Obtain target high-performance Sc2O3The nickel ion doped anode material for lithium-ion batteries of cladding.
By prepared Sc2O3The nickel ion doped material of cladding and uncoated nickel ion doped material are assembled into 2016 type buttons
Battery carries out electro-chemical test, and Fig. 1, Fig. 2 are respectively multiplying power and the cycle performance contrast of bi-material.The most uncoated nickel manganese
Discharge and recharge under acid lithium material different multiplying (0.2C, 0.5C, 1C, 2C, 5C), corresponding specific discharge capacity is respectively 125.8,
125.1、124.6、123.8、120.4mAh/g.5C 200 weeks capability retentions of circulation are 85.6%.The method that this patent provides obtains
To Sc2O3Discharge and recharge under cladding nickel ion doped material different multiplying (0.2C, 0.5C, 1C, 2C, 5C), corresponding specific discharge capacity divides
Be not 131.3,131.0,130.7,130.1,128.9mAh/g.5C 200 weeks capability retentions of circulation are 96.8%.This is because
It is coated with high stability oxide at positive pole nickel ion doped material surface, it is suppressed that electrolyte and the reaction of electrode active material, drops
Low electrolyte and the interface resistance of electrode material, reduce the membrane impedance of covering material, high rate performance and cycle performance and improve
?.
Embodiment 2
Mass fraction 1%Sc2O3Cladding lithium-rich anode material for lithium-ion batteries Li1.2Ni0.25Mn0.75O2Preparation
By 2.52g LiCH3COO·2H2O、1.06g Ni(CH3COO)2·2H2O、3.67g Mn(CH3COO)2·4H2O is molten
In 200mL deionized water, the oxalic acid of 1.98g is dissolved in 100mL deionized water, forms oxalic acid solution.By metal salt solution
It is quickly poured in oxalic acid solution and carries out 6h stirring, at 80 DEG C, evaporate 10h afterwards, obtain presoma precipitation.By predecessor at sky
In gas, 820 DEG C of calcining 18h, prepare lithium-rich material Li1.2Ni0.25Mn0.75O2Matrix.Weigh 0.09g Sc (NO3)3·6H2O
It is dissolved in 10mL deionized water, is configured to Scium nitrate(Sc(NO3)3) solution, by Li1.2Ni0.25Mn0.75O2Matrix powder is distributed to Scium nitrate(Sc(NO3)3) solution
In, it being stirred at room temperature 0.5h with magnetic stirring apparatus, at 90 DEG C, be dried 8h, heat treatment 3h at 400 DEG C, i.e. obtains target subsequently
High-performance Sc2O3The rich lithium ion battery positive electrode of cladding.
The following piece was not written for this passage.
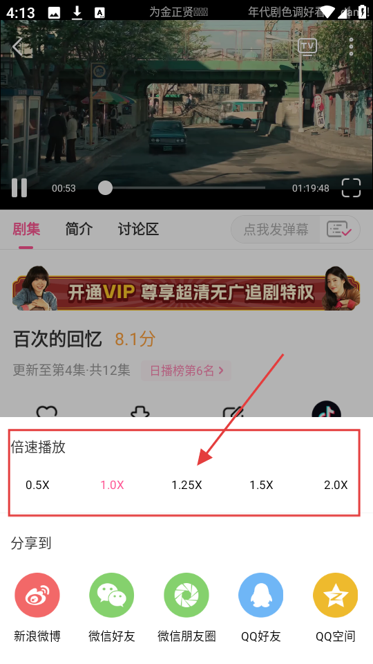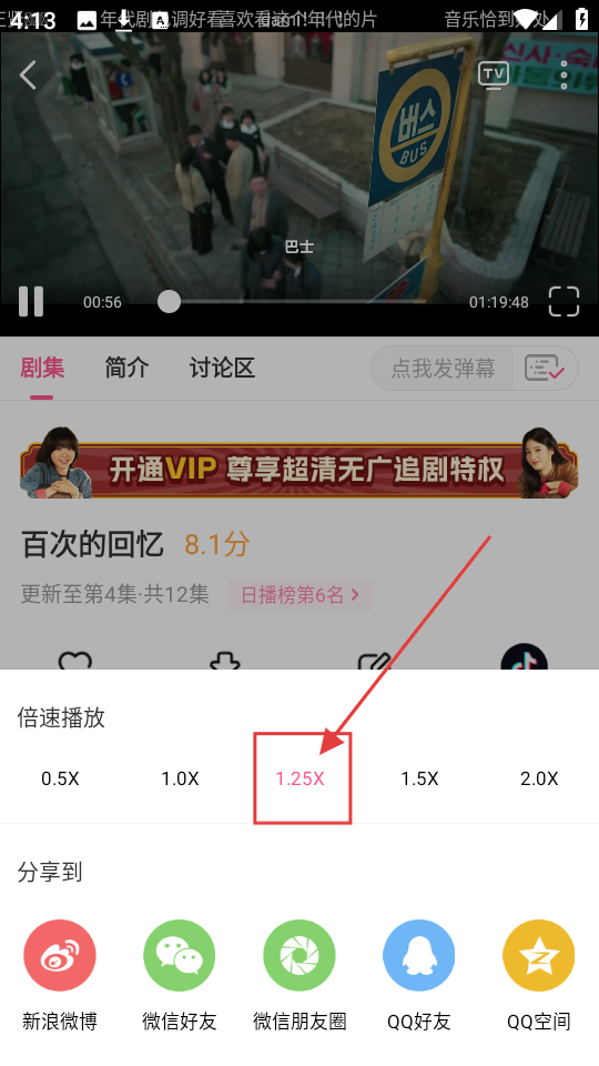 4、选好想要的倍速,比如【1.25X】,点击就能以该倍速播放剧集,看剧节奏由自己掌控啦。
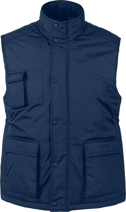 Жилет унисекс из ткани «рипстоп». Высокий воротник на кнопках, на подкладке из флиса. Расстегивается при помощи молнии и кнопок.

By prepared Sc2O3The lithium-rich material of cladding and uncoated lithium-rich material are assembled into 2016 types and buckle
Formula battery carries out electro-chemical test, and as shown in Figure 3 and Figure 4, result shows uncoated lithium-rich material different multiplying
Discharge and recharge under (0.2C, 0.5C, 1C, 3C), corresponding specific discharge capacity is respectively 231.1,215.2,202.5,118.3mAh/g.
1C 100 weeks capability retentions of circulation are 73.5%.Different times of the lithium-rich material of the method Scia cladding that this patent provides
Discharge and recharge under rate (0.2C, 0.5C, 1C, 3C), corresponding specific discharge capacity is respectively 254.4,241.3,233.4,222.3mAh/
g.1C 200 weeks capability retentions of circulation are 76.5%.
Embodiment 3
Mass fraction 2%Sc2O3Cladding ternary material LiNi1/3Co1/3Mn1/3O2Preparation
By 2.09g LiCH3COO·2H2O、1.4g Ni(CH3COO)2·2H2O、1.62g Mn(CH3COO)2·4H2O、
1.41g Co(CH3COO)2·4H2O is dissolved in 200mL deionized water, is dissolved in 100mL deionized water by the oxalic acid of 2.7g, shape
Become oxalic acid solution.Metal salt solution is quickly poured in oxalic acid solution and carries out 6h stirring, at 80 DEG C, evaporate 10h afterwards, obtain
Presoma precipitates.By predecessor 850 DEG C of calcining 20h in atmosphere, prepare ternary material LiNi1/3Co1/3Mn1/3O2Matrix.Weigh
0.19g Sc(NO3)3·6H2O is dissolved in 10mL deionized water, is configured to Scium nitrate(Sc(NO3)3) solution, by LiNi1/3Co1/3Mn1/3O2Matrix powder
End is distributed in Scium nitrate(Sc(NO3)3) solution, is stirred at room temperature 0.5h with magnetic stirring apparatus, is dried 9h, at 100 DEG C subsequently at 500 DEG C
Heat treatment 3h, i.e. obtains target high-performance Sc2O3The ternary anode material for lithium-ion batteries of cladding.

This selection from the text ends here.